The Essence of Liberty

From my perch, America at 250 seems not to be in a particularly celebratory mood, and it’s more than just being stuck in the middle of an unpopular and embarrassing war. Perhaps one reason for such meager enthusiasm on an otherwise auspicious anniversary is because many of our people have become spiritually tired and morally feeble. In his first inaugural address President George Washington stated, “there exists in the economy and course of nature, an indissoluble bond between virtue and happiness.” Novelist Michael D. O’Brien asks, “Does the erosion begin when we decide that God is there first and foremost to serve our will, and to aid our lives on our terms? Are we evangelizing or are we being anti-evangelized? To what degree have we mistaken the assimilation by paganism for legitimate inculturation, that is, the adaptation of Christian culture to the ‘language’ of the surrounding non-Christian culture?”

The very essence of liberty is religious freedom, that is, the freedom of the children of God without which political rights mean very little. St. Peter exhorts, “Be free, yet without using freedom as a pretext for evil, but as slaves of God.” (1 Pt. 2:16) So many Americans it would now seem have adopted a quite distorted sense of religious liberty as being the supremacy of individual conscience, an attitude which when widely diffused produces subjectivism, moral relativism, and ultimately religious and social anarchy. Imagine what President Washington would have thought of ‘abortion rights,’ ‘gay marriage,’ or ‘transgenderism.’ I daresay that he would never have considered such abuses as legitimate fruits of freedom.
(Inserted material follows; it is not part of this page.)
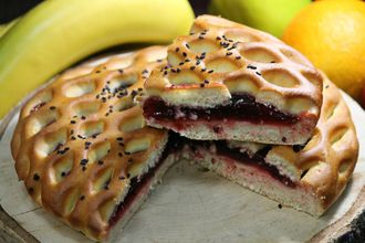 Пирог с черникой (920 гр) 341 руб. В корзину Пирог из сдобно-дрожжевого теста с черничной начинкой, украшен кунжутом. Пирог из сдобно-дрожжевого теста с черничной начинкой, украшен кунжутом.

Freedom is somewhat like a loaded gun with no safety. One needs to aim carefully and sparingly and to select targets prudently lest disaster ensues. Similarly, what passes for freedom today more closely resembles diabolical disorientation ~ men passing as women and vice versa, marriage and family redefined, surrogacy and IVF lauded even as epic scourges of drug and pornography addiction abound, child trafficking and blatant war crimes committed with impunity using our tax dollars. Our elected authorities become silent as the grave on such matters of grave importance because they hold a false notion of freedom un-tethered from responsibility. The false assumption that humans are capable of unilaterally deciding what is good and what is evil began when the ‘rights of man’ were allowed to eclipse the ‘rights of God.’ But it is the role and sacred duty of Religion to defend first the rights of God. This is where the modern concept of religious liberty is failing.